I spoke briefly with Chris Ick (NYU) about quasi-periodic oscillations in Solar flares, Megan Bedell (Flatiron) about telluric lines in stars observed with HARPS, and Adrian Price-Whelan (Princeton) about finding overdensities in the halo in Gaia DR2 data. With Ick we discussed whether to use the Bayesian evidence or a parameter estimate to compare nested models. My loyal reader knows which side I was on! With Bedell we discussed how we might verify that our telluric model is good, using line covariances. With Price-Whelan we discussed how to estimate local overdensity in both position and proper motion that would be maximally sensitive to streams and the like.

2018-09-12

dust mapping; information theory and orbits

In Stars Meeting today, visitors Greg Green (KIPAC) and Richard Teague (Michigan) both talked about mapping dust. Teague is working at protoplanetary-disk scale (using velocity maps to find planets), while Green is working at Milky Way scale (making 3-d extinction maps). Teague is working with Foreman-Mackey (Flatiron) to get better velocity maps out of ALMA data and they are getting good success with one of my favorite tricks: Fit the peak with a quadratic. We have shown, in astrometric contexts, that this saturates information-theoretic bounds. They have gorgeous maps!

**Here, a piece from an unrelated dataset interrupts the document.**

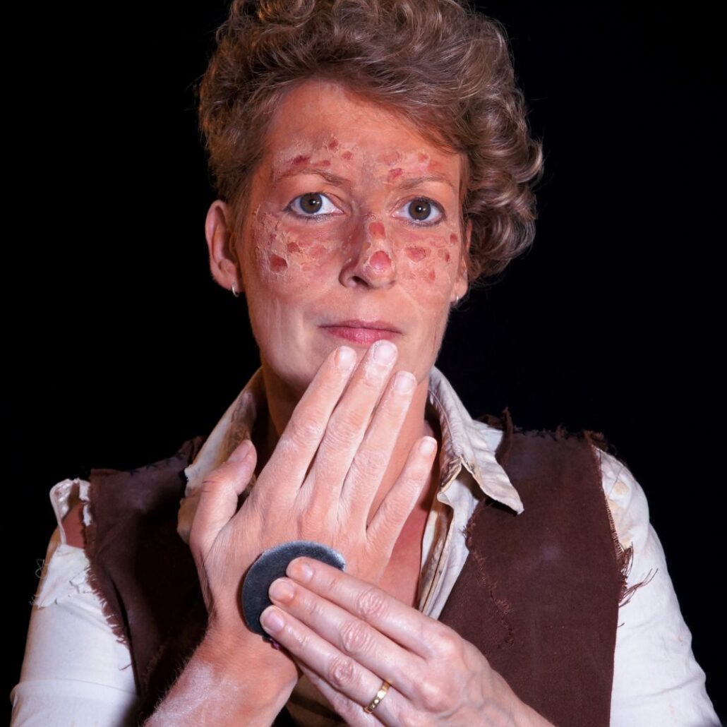 Als de latex droog en plakkerig is, peuter je het voorzichtig open en rol of vouw kleine stukjes terug. Dankzij de schmink eronder lijken dit echte vervellende blaren. Poeder pas af wanneer je tevreden bent.
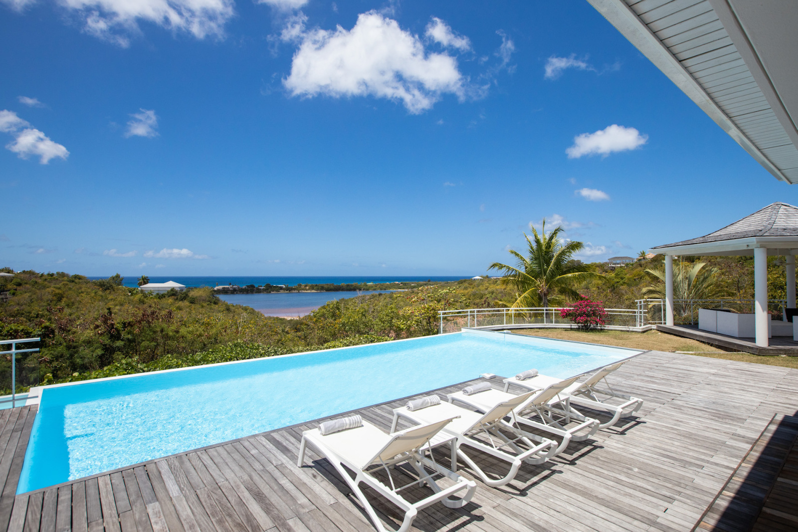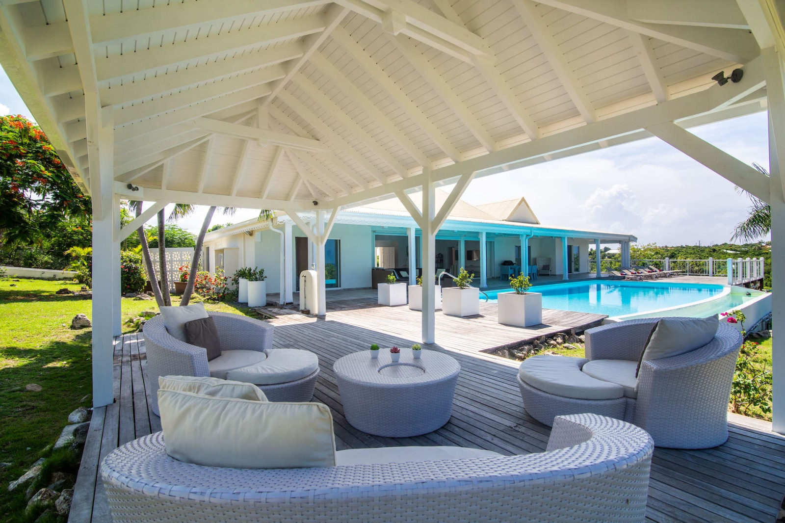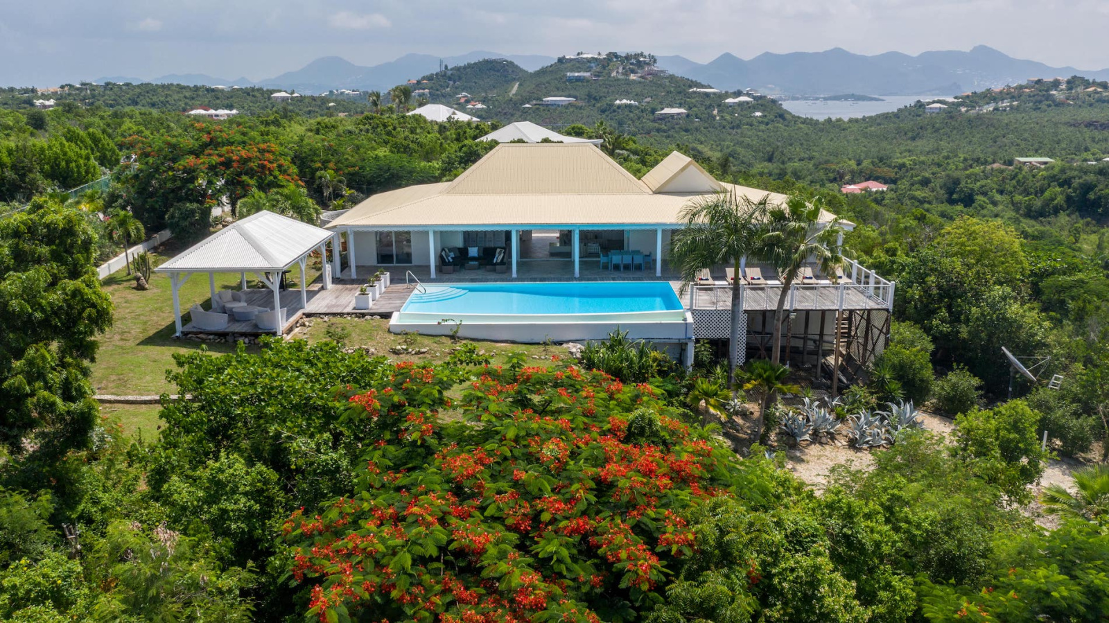 Dans le secteur privilégié des Terres-Basses à 5m en voiture du golf de Mullet Bay, des restaurants, bars, commerces et activités de Maho. À 10m en voiture de Marigot capitale de la partie Française et de l'aéroport Princess Juliana, en partie Hollandaise.

Green is trying to apply more useful spatial priors to the dust maps he has made of the Milky Way, which are (currently) independently sampled in pixels. He is resampling the pixels, using neighbor information to regularize or as a prior. His method is slow, but a lot faster than using a fully general Gaussian Process prior. And it appears to be a good approximation thereto. Certainly the maps look better!

I presented my project to figure out orbits from chemistry. There was good discussion. Spergel (Flatiron) opined that I would do no better than Jeans modeling if I did the Jeans modeling conditioned on chemistry. I am sure that's wrong! But I have to demonstrate it with a good information-theoretic argument.